По лицу Байрона пробегает обычная гримаса — слабая, сардоническая, усталая, невеселая.
— Да почти что. — Затем его лицо разглаживается, оно очень серьезно. — Нехорошо об этом просить. Бог свидетель, я это понимаю. — Он наблюдает за своей рукой, движущейся медленно, механически и бесцельно по крышке стола. — Помнится, я вам раз говорил, что быть хорошим — даром не дается, так же, как быть плохим; за это тоже надо платить. И как раз хорошие люди не могут отказаться платить, когда им подают счет. Не могут потому, что заставить их платить никак нельзя — они вроде честных картежников. Плохие люди могут отказаться; потому-то никто и не ждет от них, что они расплатятся сразу или вообще когда-нибудь. А хорошие не могут. Может быть, хорошим приходится дольше расплачиваться, чем плохим. Но с вами это — не в первый раз, ведь вы уже заплатили раз по счету вроде этого. Теперь не должно быть так же плохо, как тогда.

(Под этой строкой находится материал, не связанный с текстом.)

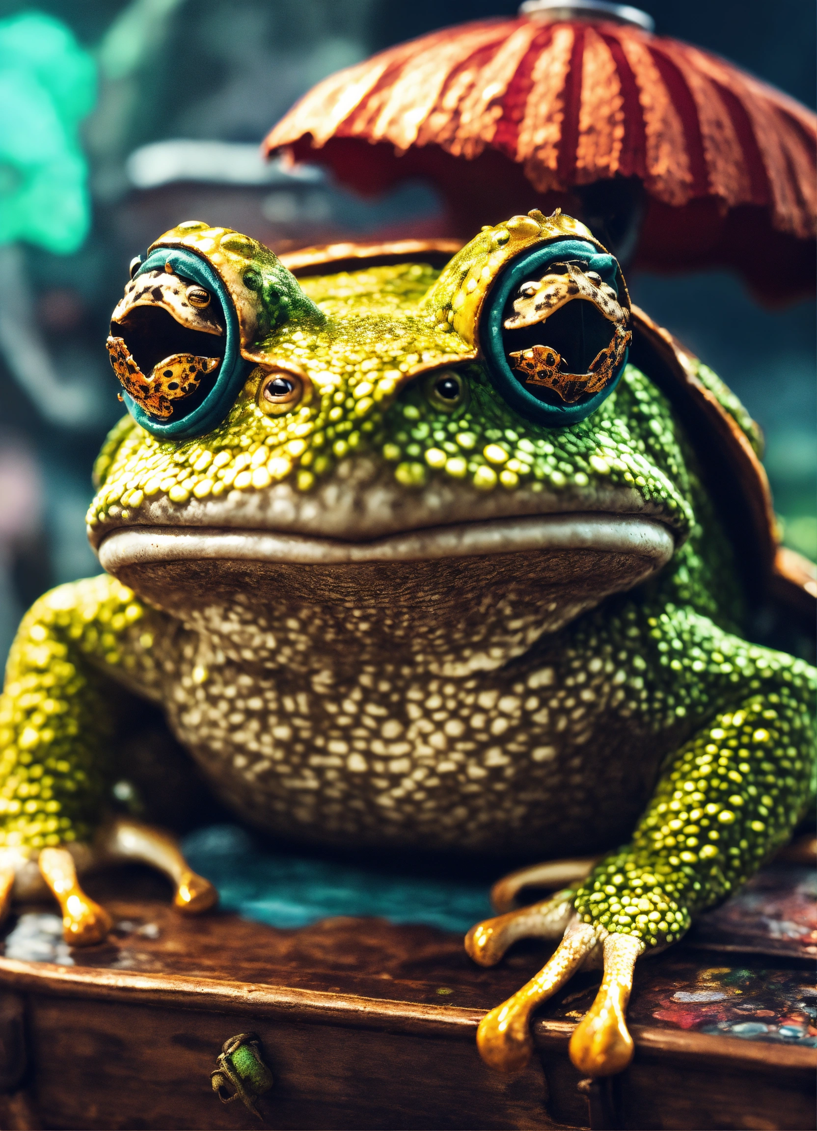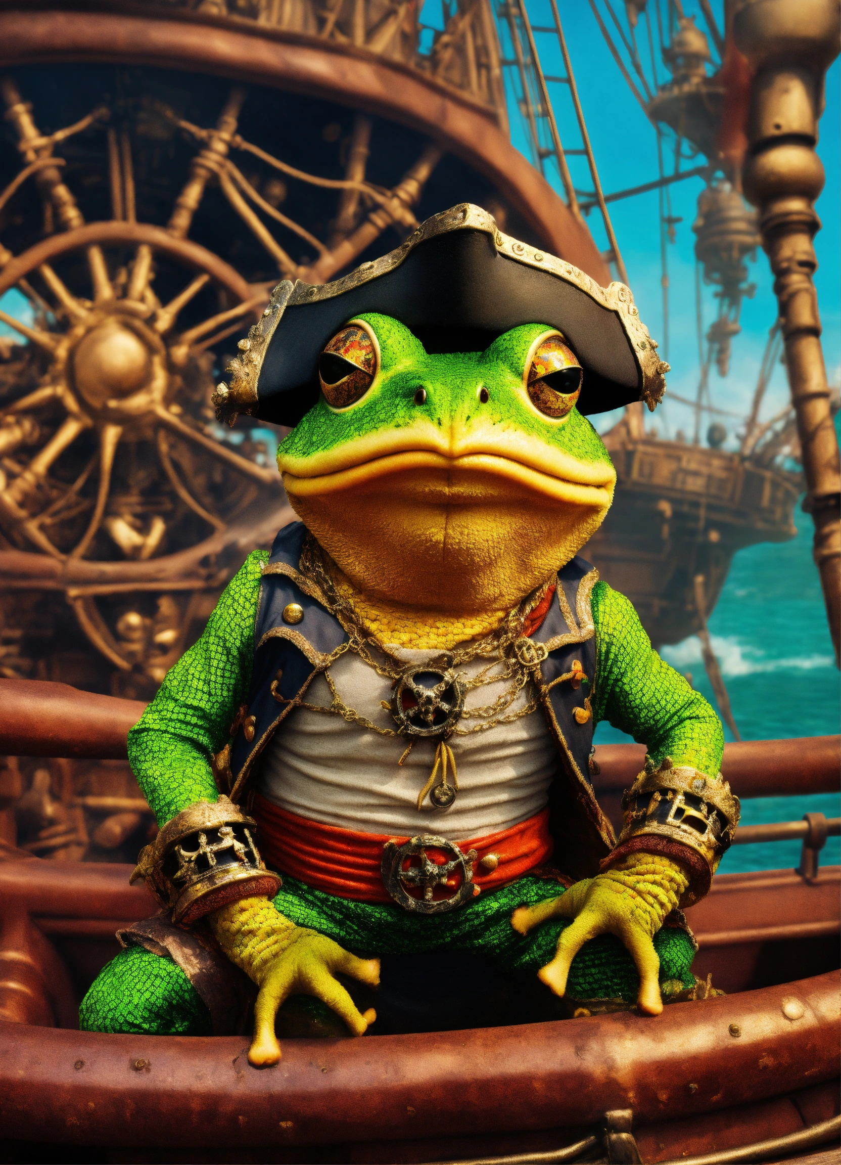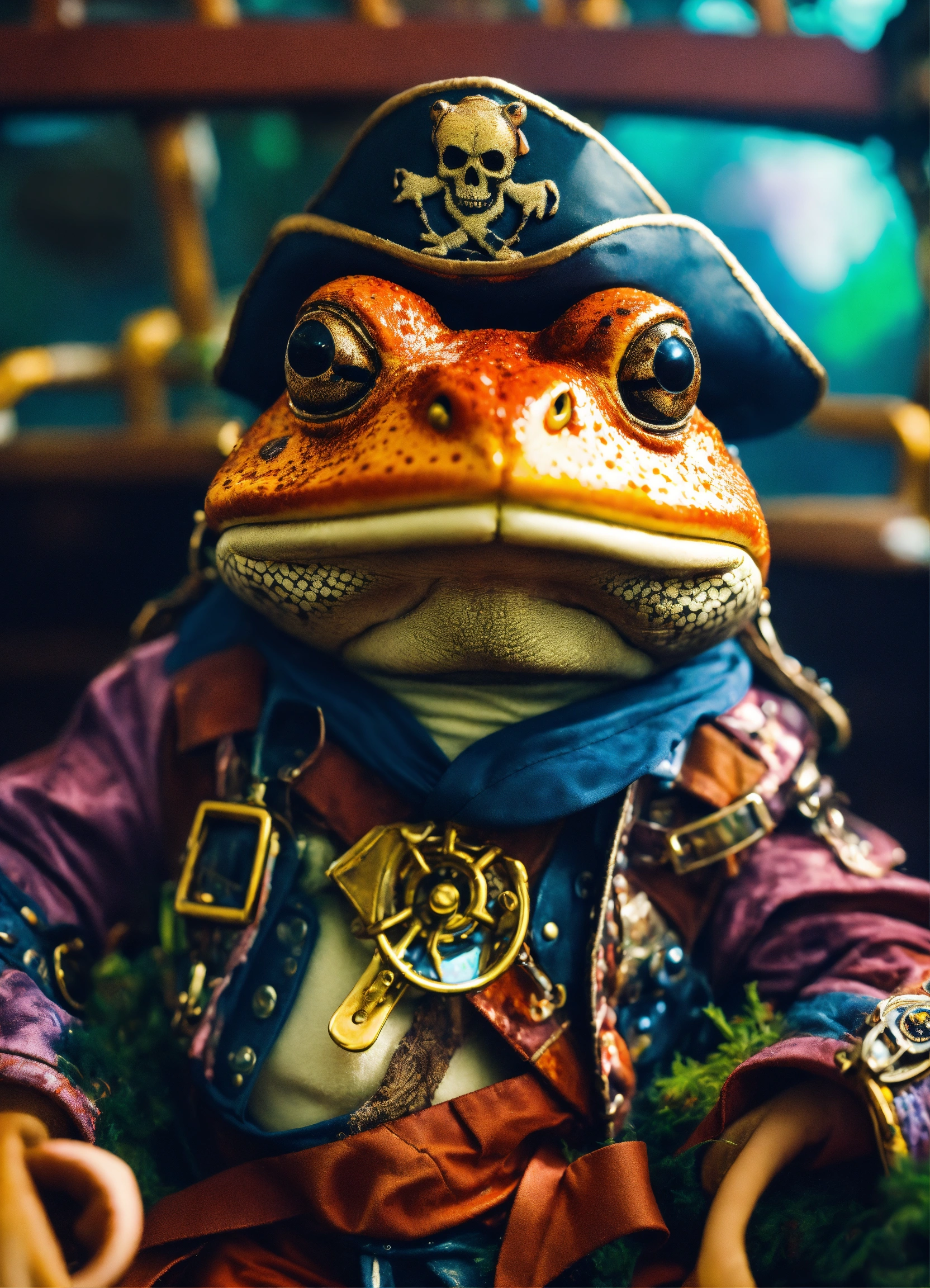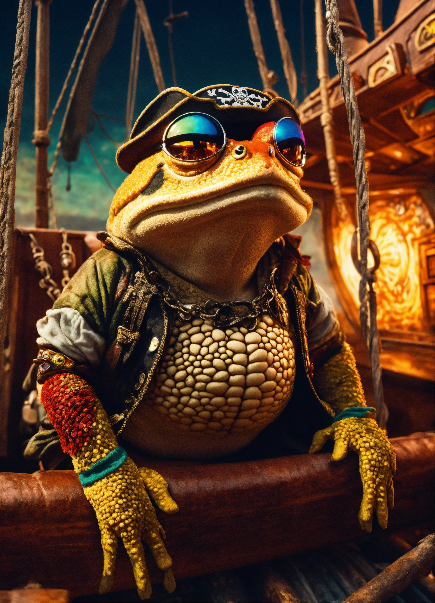 Photorealistic fashion shoot of toad as a scary pirate on a qr code psychedelic dmt pirate ship in, post apocalypse slice of life anime

— Продолжайте. Продолжайте. Что же я должен сделать?
Байрон задумчиво следит за своей рукой, движущейся медленно и безостановочно.
— Он ведь так и не сознался, что убил ее. А улик у них — только слова Брауна, цена им — грош. Вы могли бы сказать, что он был у вас в ту ночь. И каждую ночь — когда Браун якобы видел, как он шел к большому дому и входил в него. Люди вам поверят. Все равно поверят. Они скорее поверят такому о вас, чем тому, что он жил с ней, как муж с женой, а потом убил ее. И вы уже старый. Теперь они с вами ничего страшного не сделают. А ко всему остальному, что они могут сделать, я думаю, вы уже привыкли.

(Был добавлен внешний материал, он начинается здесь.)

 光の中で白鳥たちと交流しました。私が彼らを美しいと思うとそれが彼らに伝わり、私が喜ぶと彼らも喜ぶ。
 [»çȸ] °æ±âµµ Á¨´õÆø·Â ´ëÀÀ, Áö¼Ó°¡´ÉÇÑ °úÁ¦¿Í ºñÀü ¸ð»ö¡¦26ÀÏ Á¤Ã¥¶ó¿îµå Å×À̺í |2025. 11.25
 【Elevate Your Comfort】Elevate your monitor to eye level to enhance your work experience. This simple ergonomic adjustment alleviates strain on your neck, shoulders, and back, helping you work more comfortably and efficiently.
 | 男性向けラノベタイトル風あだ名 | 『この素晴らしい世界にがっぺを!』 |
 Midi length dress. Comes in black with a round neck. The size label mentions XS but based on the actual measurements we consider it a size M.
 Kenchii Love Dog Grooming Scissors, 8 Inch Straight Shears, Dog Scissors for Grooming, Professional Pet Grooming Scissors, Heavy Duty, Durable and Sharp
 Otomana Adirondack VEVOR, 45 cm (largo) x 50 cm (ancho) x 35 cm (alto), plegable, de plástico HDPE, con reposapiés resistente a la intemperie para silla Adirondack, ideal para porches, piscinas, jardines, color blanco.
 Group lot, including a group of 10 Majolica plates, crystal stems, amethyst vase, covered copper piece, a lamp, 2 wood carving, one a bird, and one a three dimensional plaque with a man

— А-а, — говорит Хайтауэр. — Конечно. Конечно. Они поверят. Это будет очень просто и очень хорошо. Для всех хорошо. Тогда он вернется к людям, которые из-за него пострадали, а Брауна без премии можно будет запугать, чтобы он признал ребенка своим, а потом опять сбежал, и уже навсегда. И останутся только она и Байрон. Поскольку я — всего лишь старик, которому посчастливилось дожить до старости, не познавши горя любви. — Его сотрясает непрерывная дрожь; он поднял голову. В свете лампы лицо его лоснится, будто намасленное. Искаженное и перекошенное, оно блестит в свете лампы; пожелтелая, застиранная рубашка, которая утром была свежей, мокра от пота. — Не потому, что я не могу, не осмелюсь, — говорит он, — потому что я не желаю! Не желаю! Слышите? — Руки его отрываются от подлокотников. — Потому что я не желаю это делать! — Байрон не шевелится. Его рука замерла на столе; он смотрит на Хайтауэра и думает Не мне он кричит. Похоже, он знает, что убедить ему надо кого-то другого, кто ближе к нему, чем я Потому что Хайтауэр уже кричит: — Я не желаю! Не желаю! — Кулаки его подняты, по лицу течет пот, дряблые, отвисшие складки желто-серой кожи раздвинулись, обнажив гнилые стиснутые зубы. Вдруг его голос раздается еще громче. — Вон! — вопит Хайтауэр. — Вон из моего дома! Вон из моего дома! — И он падает лицом на стол, выбросив вперед кулаки. Выходя в дверь следом за стариками, — Байрон оглядывается и видит, что Хайтауэр так и не пошевелился, его лысая голова и сжатые в кулаки руки лежат в озерке света под абажуром настольной лампы. Гудение насекомых за открытым окном не смолкло, не прервалось ни на миг.
17Это было в воскресенье ночью. Утром Лина родила. Заря еще только занималась, когда Байрон прискакал на муле к дому, откуда вышел всего шесть часов назад. Он спрыгнул на землю и сразу побежал по узкой дорожке к темному крыльцу. Несмотря на спешку, ему кажется, что он хладнокровно наблюдает себя со стороны: он думает, угрюмо без удивления: «Байрон Банч принимает младенца. Если бы я увидел это недели две назад, я бы глазам своим не поверил. Я бы сказал, что они врут».